• DIRECTIONS
You are asked to copy the entire listing exactly, apart from its pictures.

Segment Start: DATA BELOW

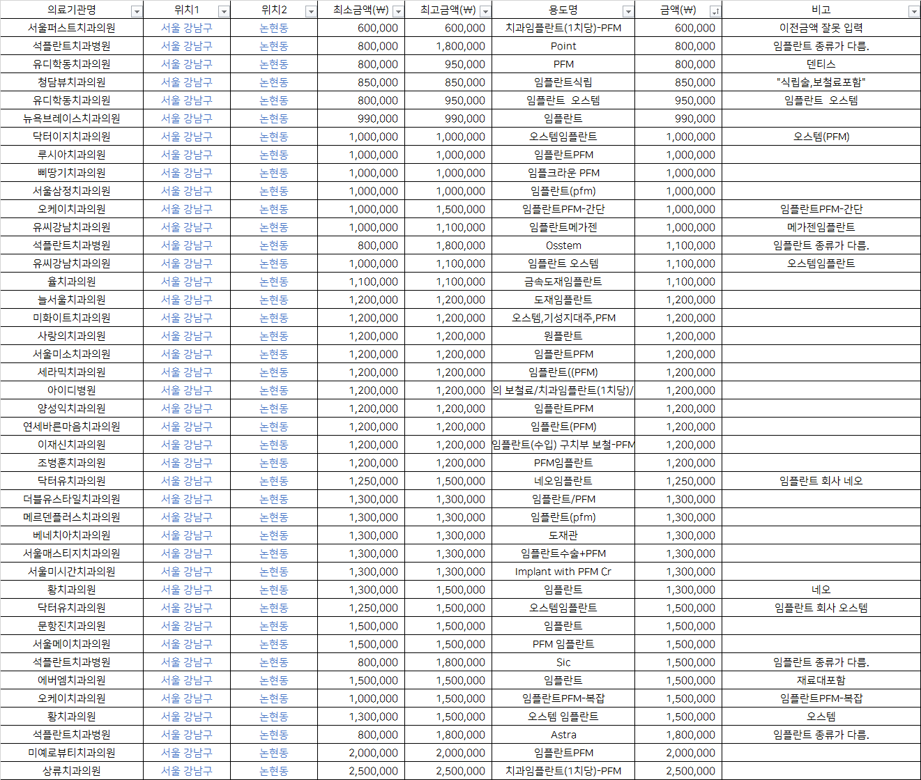 | 황치과의원 | 오스템 임플란트 | 1,500,000 | 오스템 |
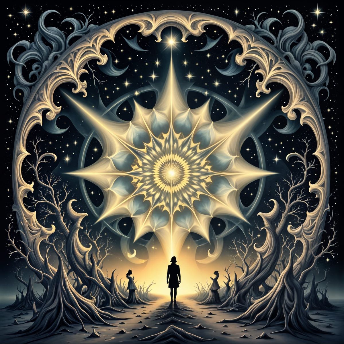 This image features a solitary figure casting long shadows, rendered in a high-contrast film noir style with surrealist elements and dramatic lighting. It evokes a sense of mystery and wonder.
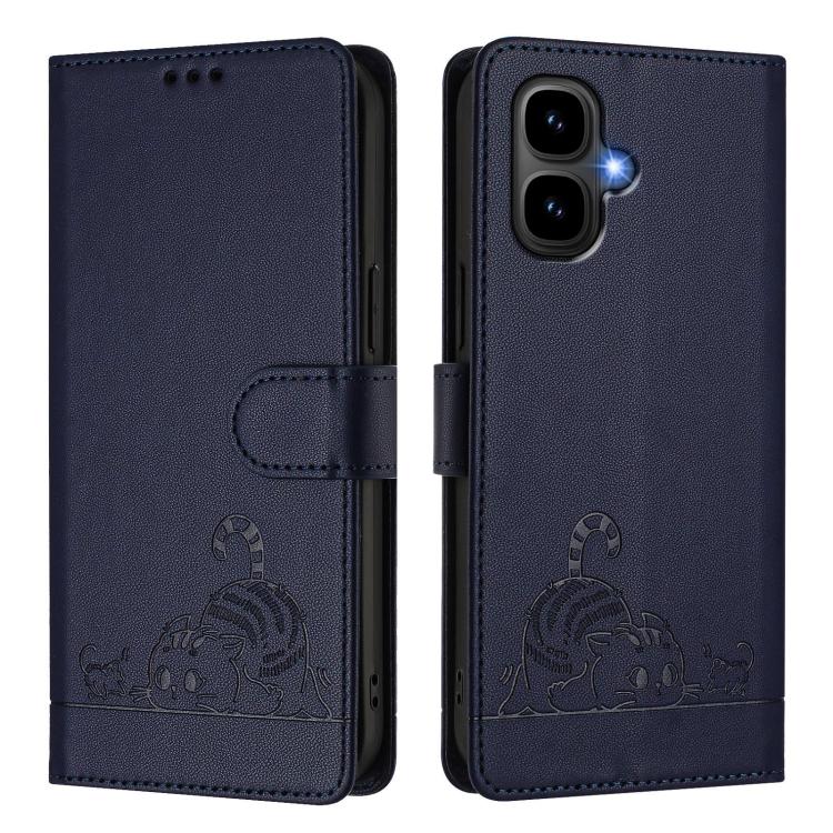 Funda de cuero RFID con estampado de gato y rata en relieve para Infinix Smart 10 4G / Tecno Pop 10 (azul)

Segment End: DATA BELOW

• WRITTEN RESPONSE
 | 황치과의원 | 오스템 임플란트 | 1,500,000 | 오스템 |
 This image features a solitary figure casting long shadows, rendered in a high-contrast film noir style with surrealist elements and dramatic lighting. It evokes a sense of mystery and wonder.
 Funda de cuero RFID con estampado de gato y rata en relieve para Infinix Smart 10 4G / Tecno Pop 10 (azul)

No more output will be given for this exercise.